■ **YOUR OBJECTIVE**: Pictures in the material below are to be left out, and only the lines from the line with "6. She's going to paint" up to and including the line with "Fig. 2(a). Dorsal" are to be written out exactly.

■ **INFORMATION SHOWN**:
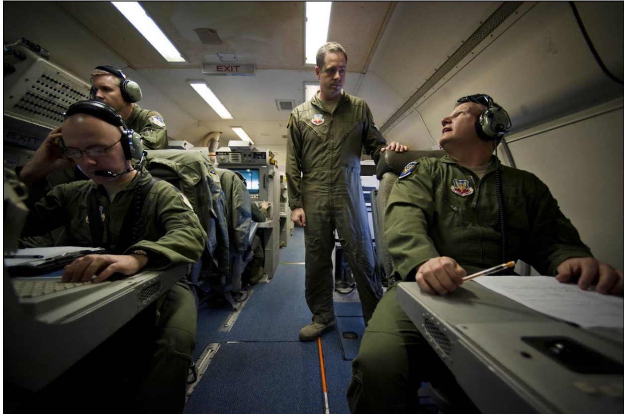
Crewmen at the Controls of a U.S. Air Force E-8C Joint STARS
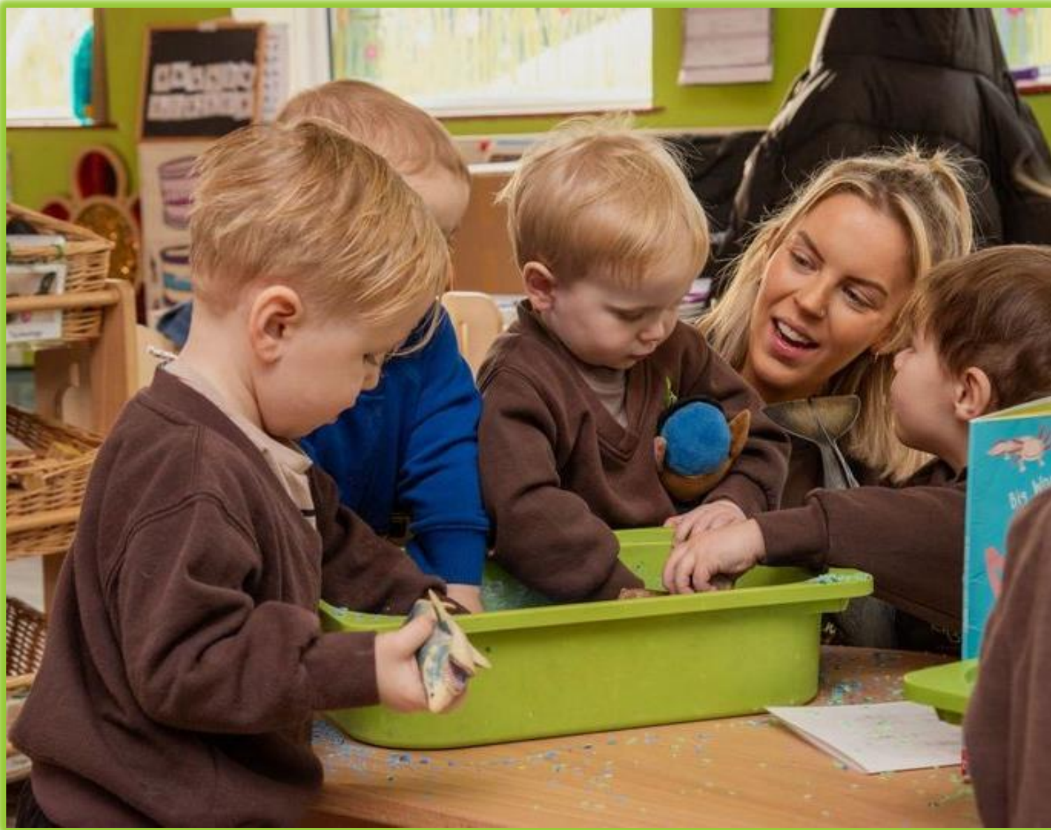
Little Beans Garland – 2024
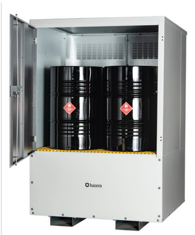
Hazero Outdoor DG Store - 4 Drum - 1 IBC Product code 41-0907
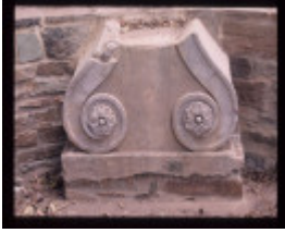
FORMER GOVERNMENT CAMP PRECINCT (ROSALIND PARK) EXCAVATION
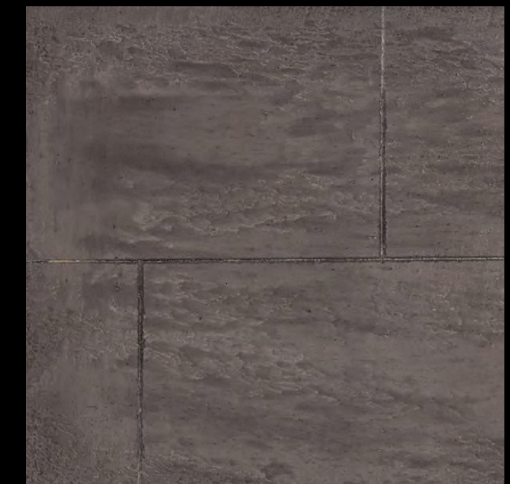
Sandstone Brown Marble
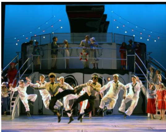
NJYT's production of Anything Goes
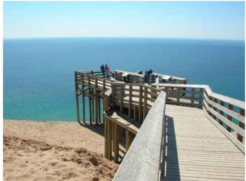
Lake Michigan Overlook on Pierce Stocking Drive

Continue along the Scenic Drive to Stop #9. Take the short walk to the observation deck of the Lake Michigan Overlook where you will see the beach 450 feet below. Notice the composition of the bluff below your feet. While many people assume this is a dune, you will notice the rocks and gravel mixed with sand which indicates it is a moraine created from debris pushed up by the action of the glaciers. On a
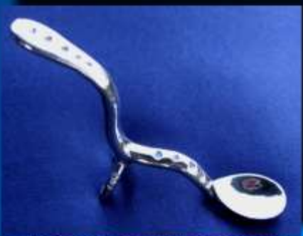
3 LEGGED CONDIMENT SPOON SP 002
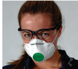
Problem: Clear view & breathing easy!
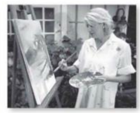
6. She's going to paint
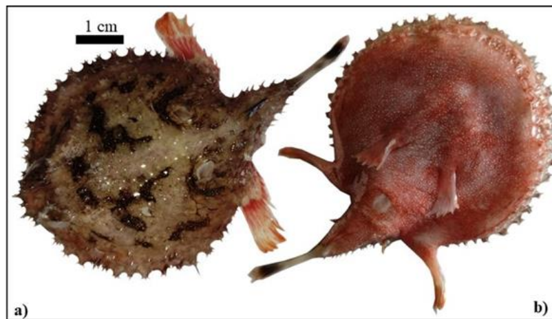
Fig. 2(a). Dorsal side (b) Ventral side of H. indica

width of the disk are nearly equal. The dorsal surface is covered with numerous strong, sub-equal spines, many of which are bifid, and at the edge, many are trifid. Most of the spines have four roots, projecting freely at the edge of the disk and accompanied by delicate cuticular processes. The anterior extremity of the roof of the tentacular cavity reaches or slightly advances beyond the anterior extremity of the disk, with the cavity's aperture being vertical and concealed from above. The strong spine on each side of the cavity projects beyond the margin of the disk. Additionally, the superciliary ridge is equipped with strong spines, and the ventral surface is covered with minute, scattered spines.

■ **WRITTEN RESPONSE**:
6. She's going to paint
Fig. 2(a). Dorsal side (b) Ventral side of H. indica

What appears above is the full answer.